En l’espèce, les requérants, l’un hongrois, l’autre de nationalité suisse et française, souhaitant se marier en Suisse où ils résidaient, demandèrent à garder leur nom respectif – la femme tenant absolument à son nom de jeune fille pour des raisons professionnelles – plutôt que de choisir un double nom pour l’un des deux. Le requérant exprima ainsi le souhait que son nom soit régi par le droit hongrois – son droit national – lui permettant de porter exclusivement son nom. Demande rejetée. Dès lors, pour pouvoir se marier, les requérants choisirent le nom de l’épouse comme « nom de famille » au sens du droit suisse. Ils se marièrent et, dans le registre de l’état civil, les noms des époux furent inscrits comme « Rose » pour la requérante et « Losonci Rose, né Losonci » pour le requérant, qui demanda après le mariage à remplacer dans le registre de l’état civil le double nom qu’il avait « provisoirement » choisi par le seul nom « Losonci », comme prévu par le droit hongrois, sans pour autant modifier le nom de son épouse. Ce qui lui fut refusé au motif que la demande d’autorisation de porter le nom de son épouse comme nom de famille avait rendu caduc le choix du requérant de soumettre la détermination de son nom au droit hongrois, qui lui aurait permis de garder son nom après le mariage. En d’autres termes, les instances internes n’ont pas admis le cumul de ces deux options. En revanche, si l’homme avait été de nationalité suisse et la femme de nationalité étrangère, la femme aurait pu choisir de soumettre la détermination de son nom à son droit national, en vertu de l’article 37, alinéa 2, de la loi fédérale sur le droit international privé. Une différence de traitement discriminatoire aux yeux de la CEDH et qui justifie la condamnation de la Suisse à réparer le préjudice moral des requérants à hauteur de 10 000 euros.

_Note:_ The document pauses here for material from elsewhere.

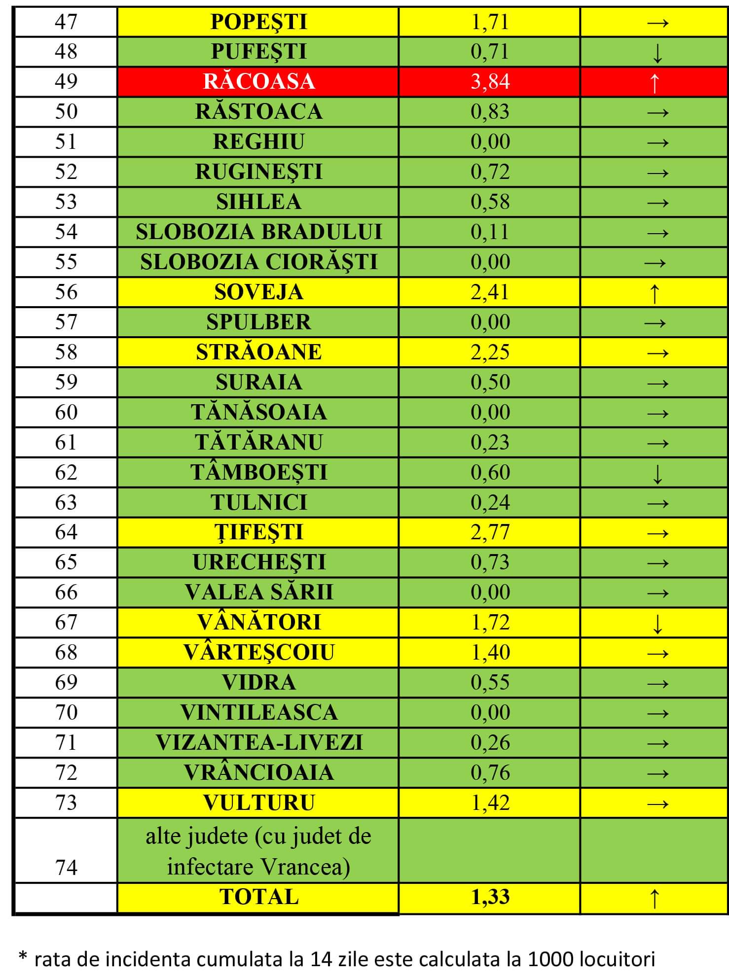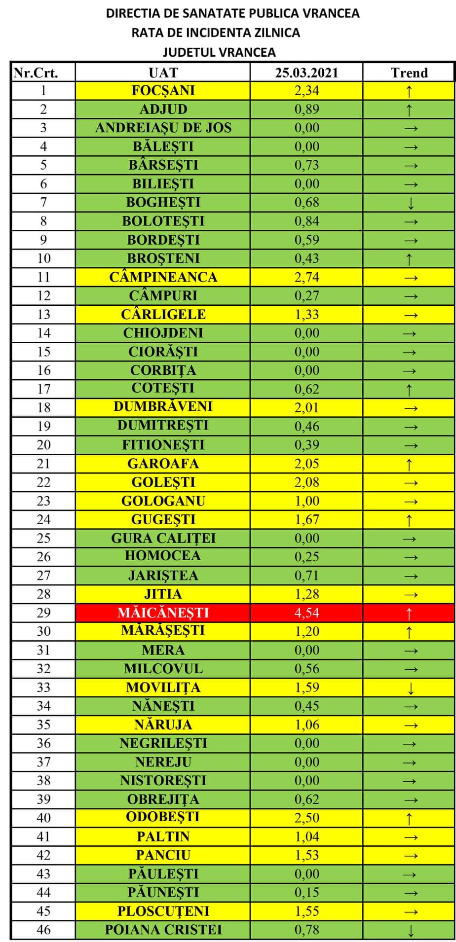 Direcția de Sănătate Publică Vrancea a întocmit tabelul cu valorile ratei de incidență a infectării cu COVID-19 în județ, valabile pentru ziua de 25 martie 2021. Rata de infectare pentru Vrancea are valoarea de 1,33‰, în creștere.

Si les États contractants jouissent, au regard de la Convention, d’une certaine marge d’appréciation en ce qui concerne les mesures à prendre afin de manifester l’unité de la famille, l’article 14 exige que celles-ci s’appliquent en principe dans les mêmes conditions aux hommes et aux femmes, sauf à produire des raisons impérieuses justifiant une différence de traitement ; ce qui n’était pas le cas en l’espèce. En outre, la Cour relève qu’un consensus se dessine au sein des États membres du Conseil de l’Europe quant au choix du nom de famille des époux sur un pied égalité et que, à l’échelle internationale, les développements au sein des Nations unies quant à l’égalité des sexes se dirigent dans ce domaine spécifique vers la reconnaissance du droit pour chaque conjoint de conserver l’usage de son nom de famille original ou de participer sur un pied d’égalité au choix d’un nouveau nom de famille. Elle rappelle que le nom, en tant qu’élément d’individualisation principal d’une personne au sein de la société, appartient au noyau dur des considérations relatives au droit au respect de la vie privée et familiale. Partant, elle n’estime pas que la demande concernant le nom du requérant soit dépourvue d’importance. Or la justification avancée par le Gouvernement ne paraît pas raisonnable et la différence de traitement constatée s’avère discriminatoire au sens de l’article 14 de la Convention. Partant, la Cour conclut que le régime en vigueur en Suisse engendre une discrimination entre les couples binationaux, selon que c’est l’homme ou la femme qui possède la nationalité suisse. Il y a donc eu violation de l’article 14 combiné avec l’article 8 de la Convention.